All records broken: new house consent data out

Author
Anne Gibson, NZ Herald,
Publish Date
Thu, 6 May 2021, 12:13PM
(Photo / George Novak)
(Photo / George Novak)

All records broken: new house consent data out

Author
Anne Gibson, NZ Herald,
Publish Date
Thu, 6 May 2021, 12:13PM

New Zealand has never had so many houses consented in any one period of time as now and the previous national record has just been smashed.

Finally, that magic 40,000 a year house barrier has been broken for the first time in nearly half a century.

Stats NZ said today 41,028 new homes were consented in the year to March 2021, eclipsing the February 1974 year's previous record of 40,225.

We're now in a golden period for new-housing construction, akin only to the era when big new suburbs like Auckland’s Glenfield were built.

All the Government moves to increase supply and relieve stress on the pressure-cooker housing sector have begun to pay off.

Michel Heselop, construction statistics manager, said: "Within 10 years the number of new homes consented annually has gone from the lowest point since the 1940s to an all-time record.

"The increased number of new homes consented in recent years has mostly been due to a rise in consents for higher density homes, such as townhouses. The number of stand-alone houses consented in this period has been relatively flat," he said.

But new homes consented per 1000 residents still below the 1970s peak.

After accounting for population size, the number of new homes consented in the year ended March 2021 is still below the peak in the 1970s, although it has been rising steadily from the lows seen around the time of the global financial crisis, Stats NZ said.

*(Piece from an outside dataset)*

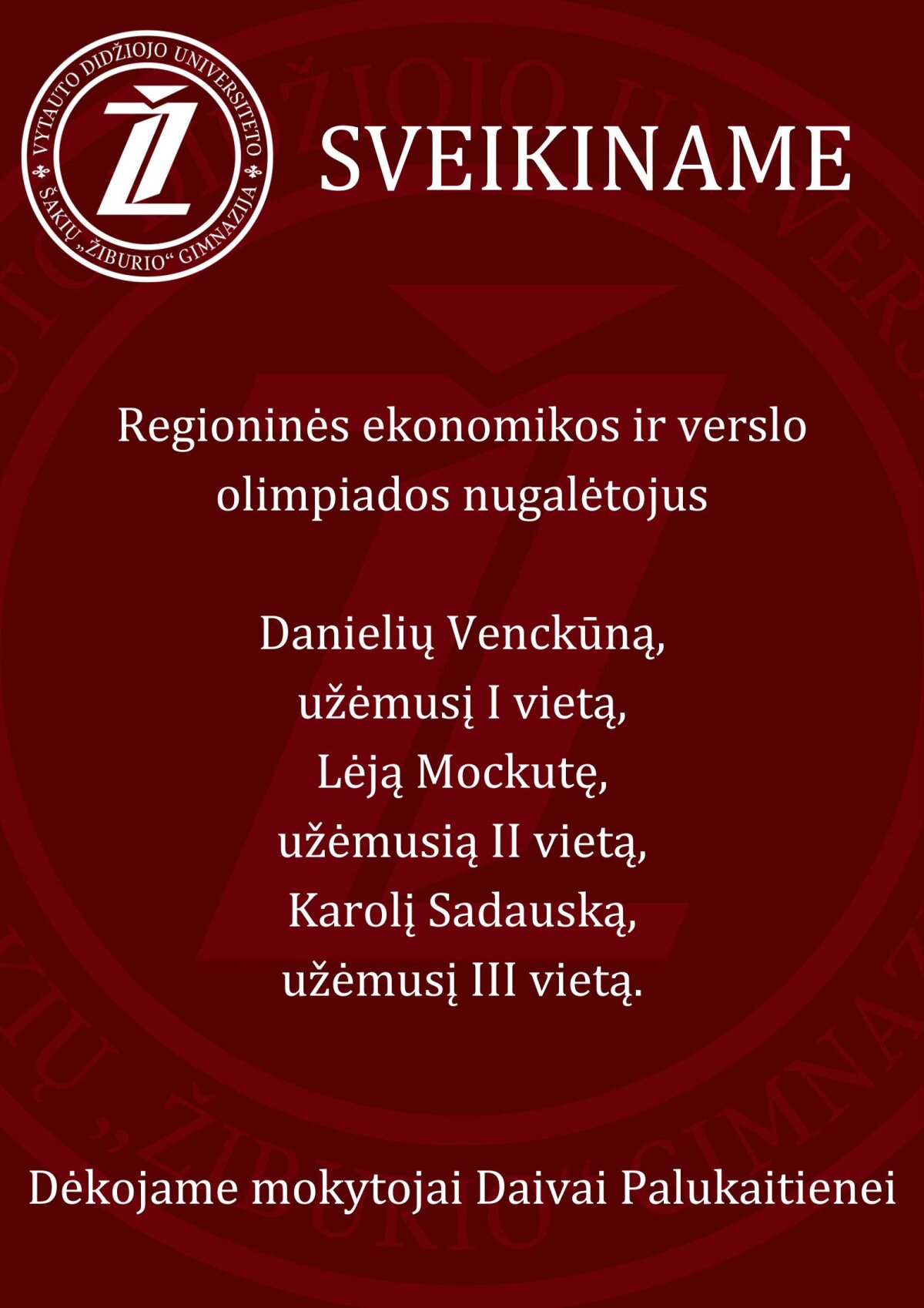 Sveikiname regioninės ekonomikos ir verslo olimpiados nugalėtojus

Just over eight new homes consented per 1000 residents in the year ended March, less than the record of 13.4 seen in the year ended December 1973.

The annual number of new homes consented in Auckland is at a record 17,495, accounting for nearly 43 per cent of all new homes.

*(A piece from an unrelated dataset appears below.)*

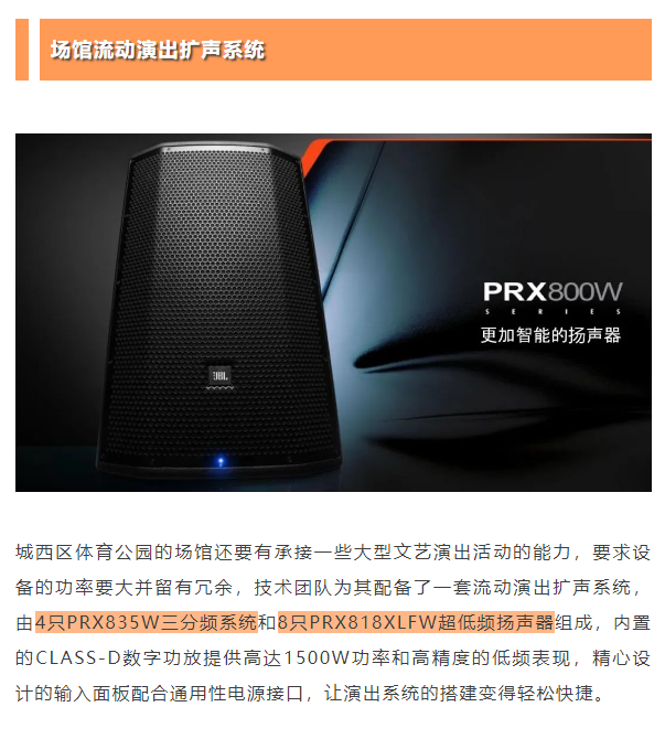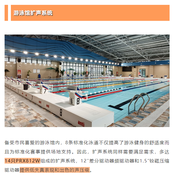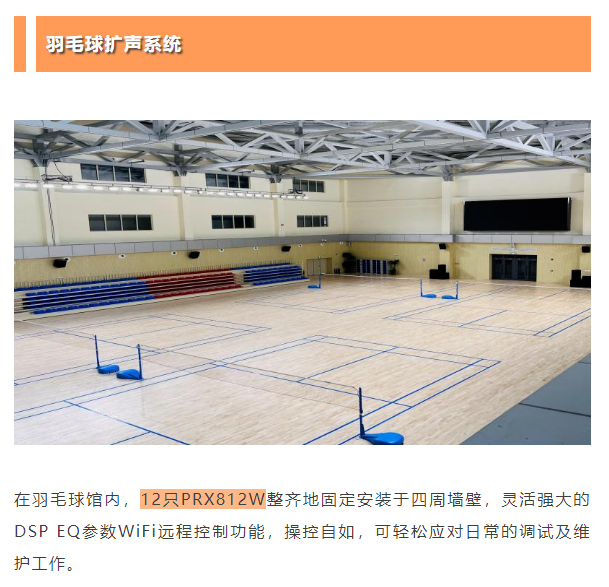 此次為城西區(qū)體育公園籃球館、羽毛球館和游泳館打造的擴(kuò)聲系統(tǒng)全部采用美國JBL PRX800智能有源揚聲器系統(tǒng),更智能、更響亮、更穩(wěn)定的技術(shù)優(yōu)勢為市民的日常健身氛圍和重大賽事的舉辦提供高質(zhì)量支持。

Auckland has 1.7m residents, meaning it has 34 per cent of New Zealand's population.

Consents for multi-unit homes in Auckland rose sharply in the last two quarters of 2020 and have remained at high levels in the March 2021 quarter.

The monthly number of all New Zealand new homes consented in March 2021 was 4128, the highest for the series, surpassing the October 1973 figure of 4081.

This was driven by a record-breaking month for both stand-alone houses at 2438 and townhouses, flats, and units at 1243, although data for individual building types are only available from April 1990.

"The record numbers seen in March 2021 suggests that there is a large amount of residential work in the pipeline. The value of consents solely for new stand-alone houses topped $1 billion for the first time in a single month," Heslop said.

Satish Ranchhod, a Westpac senior economist, said interest rates were extremely low and there had been related large increases in house prices.

"We've also had regulatory changes in centres like Auckland that have allowed for increased densification. New Zealand also had very strong population growth in recent years, with home building failing to keep pace through much of the past decade," he said.

Today's result supports Westpac's expectations for very strong home building over the remainder of this and next year.

Longer-term, the outlook for construction was more clouded. The Government had announced a suite of housing policy changes recently that will dampen prices, though there may be some exemptions for new builds, he noted.

In addition, population growth had plummeted following the border closure.

"That means that the shortages that have built up in recent years are rapidly being eroded. And even when the borders do reopen, we don't expect population growth will return to the levels we saw prior to the Covid outbreak, with the Government now reviewing migration settings," Ranchhod said today.

Auckland mayor Phil Goff has previously decried the ugly side of construction in the city.

In 2019, Auckland Council officials showed off some of the city's worst streets as part of a blitz aimed at cleaning up sites and ending commonplace filthy environmental practices.

Flat Bush was identified as one area of stand-alone homes where filthy practices were common.